By Greg Shupak
There was a rumour that I was dead. Actually, I survived.
***
“Oh my God! Oh I’m so happy to see you’re okay! I heard you were dead!”
“No, no. It was never really that serious.”
“Good, I’m so glad. I was really upset when I heard.”
“Thanks, thanks…But if you were that concerned wouldn’t you have wanted to come to my funeral? Or at least find out for sure that I was dead?”
“From what I heard, you were dead and that was it.”
***
I quit my job. 3:30 PM. I hadn’t done a thing in the two hours since I had woken up. It was almost a surprise to me that I had a marker, a Sharpie, clipped onto my bottom lip. It had a blue cap and a grey shaft. How long had it been there? I removed the lid. With each breath that I inhaled there was a corresponding number of pulses on the right side of my head that went from just above the ear to the top of my skull.
***
It was cold.
I stood amid these giant rectangular blocks of mostly red brick, three narrow floors each. Each level had a window in the centre that was flush with the one above or below. The windows had lines dividing them into grids, like nine windows within each window.
The lowest window in the back yard was open, but no more than a couple of inches. I took my keys out of my pocket and pushed in the screen. Using my fattest key, I lifted the window open.

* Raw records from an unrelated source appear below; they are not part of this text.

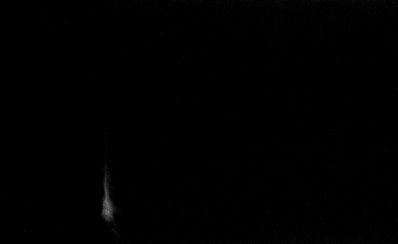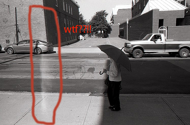 Here's the skinny: It shows up on about 50% of the shots. This is one of the worst, others are faint and I can burn/spot them in while printing so they're salvageable for the most part. I developed these with 13 other rolls of film at the same time and it ONLY showed up on the two rolls of FP4 125 film that I load in my Leica M4-P. So, I suspect camera. I have a sync plug busted out that I taped up and tape is slowly peeling, but this "leak" isn't hitting the edge of the frame -it's only inside the picture. This leads me to believe it's a sticky/erratic shutter movement or bounce, but it's not a super clean line. I looked at the curtains and they seem alright, but I think there was some patching going on at some point or something spilled around the spot where this is showing up. But since it happens for about 8 frames in a row, then skips 8, then another 4, then clean for 6, I don't think it's the curtains.
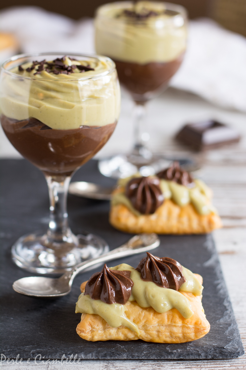 Una volta che entrambe le creme saranno fredde e pronte, con l’aiuto di una sac a poche, riempite le coppette alternandole l’una sull’altra. Decorate a piacere con del cioccolato fondente.
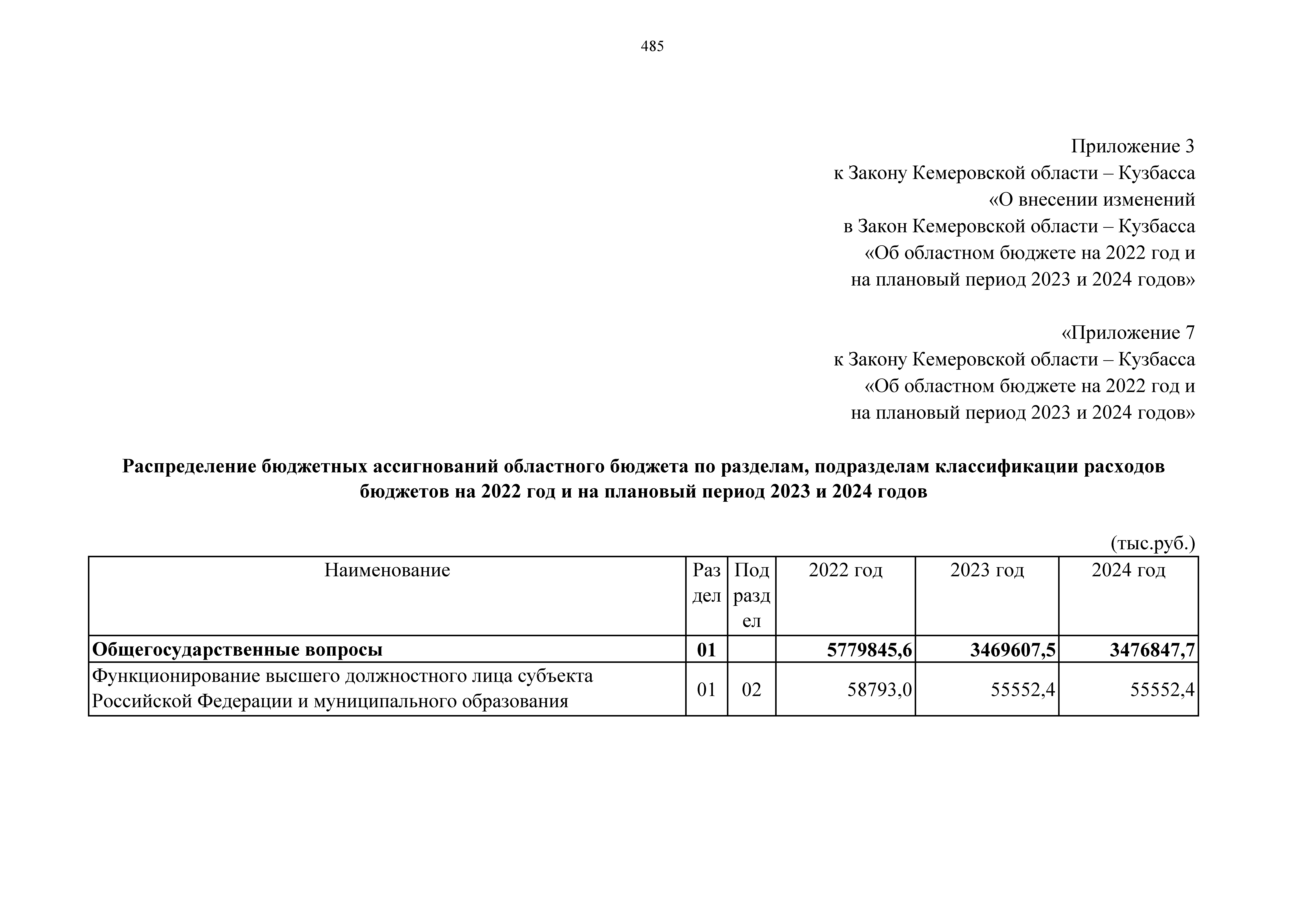 "О внесении изменений в Закон Кемеровской области – Кузбасса "Об областном бюджете на 2022 год и на плановый период 2023 и 2024 годов"

I fell as I crawled in and my face pressed against the cool ground. I lifted my hands from the floor and noticed that they had left marks in the dust.
I had crawled into the TV room. There was an easy chair, old and yellow, out of sync with the other furniture; perhaps it was a remnant from someone’s bachelorhood. The kitchen was to my left. It was mostly clean, but had a half-eaten bowl of cereal on the counter. I thought about somebody eating it: a little girl in white cotton pyjamas decorated with a pattern of little princesses. I moved toward the bowl and picked it up. I carried the cereal into the family room and placed it on top of the television, which was old, the kind that had a giant frame and sat alone on the floor.
***
My mom had always been soft-spoken and accommodating, the kind of person who might have been a victim in different circumstances. As we shopped for groceries, she had to lead me around. Though I’d been in the store many times, I now found that the lighting had a way of blinding me. It created a bright white blanket that filled the entire volume of the store.
I uneasily watched my mother hold a baguette in her left hand, stroking it with her right. I felt a tap on the shoulder. It was Rich, an acquaintance from high school.
“Buddy! You’re not dead!”
“Yeah. Yeah, I’m fine.”
“Cool, man! Cool!” Rich was wearing a tight shirt that was black but with a white tidal wave across his chest and onto his back.
“Anyway dude, I gotta get the fuck outta here,” he declared, suddenly nervous.
***
That night I went into another house, though it took me a while to find an empty one. I cracked open part of the front window and reached over to unlock the front door. I entered and the stairs were right there, jumping down my throat. I went straight upstairs and into what seemed like a little boy’s room. The walls were bright blue, covered with posters of hockey stars.
***
My mother and I waited in line. I was hot as I stood there in my winter jacket. In the line next to us was Matt, a guy I had played hockey with a few years earlier. I looked to my right, reading tabloid headlines. JLO AND BEN ARE THE SAME PERSON! P. DIDDY TO WED BARBARA WALTERS! PRINCESS DI WAS AN ALIEN! When we finally reached the front of the line, I felt a slap on the back.
“Yo, glad you’re not dead dude,” said Matt.
“Thanks man.”
“Mom, I think you met Matt before? He was on my hockey team a few years ago.”
“Sure, sure. How are you?”
“Pretty good, pretty damn good. I’m a suit now,” he said, this time bobbing his shoulders as he pretended to adjust the knot of his tie. “A suit.”
***
The stove on my back was really heavy at first. It was even more difficult when I moved it up the stairs. Tired, but relieved and breathing easily, I left it in the bedroom of a teenage girl.
Greg Shupak is 23 years old and lives just outside of Toronto. He has been published as both an author of fiction and of academia.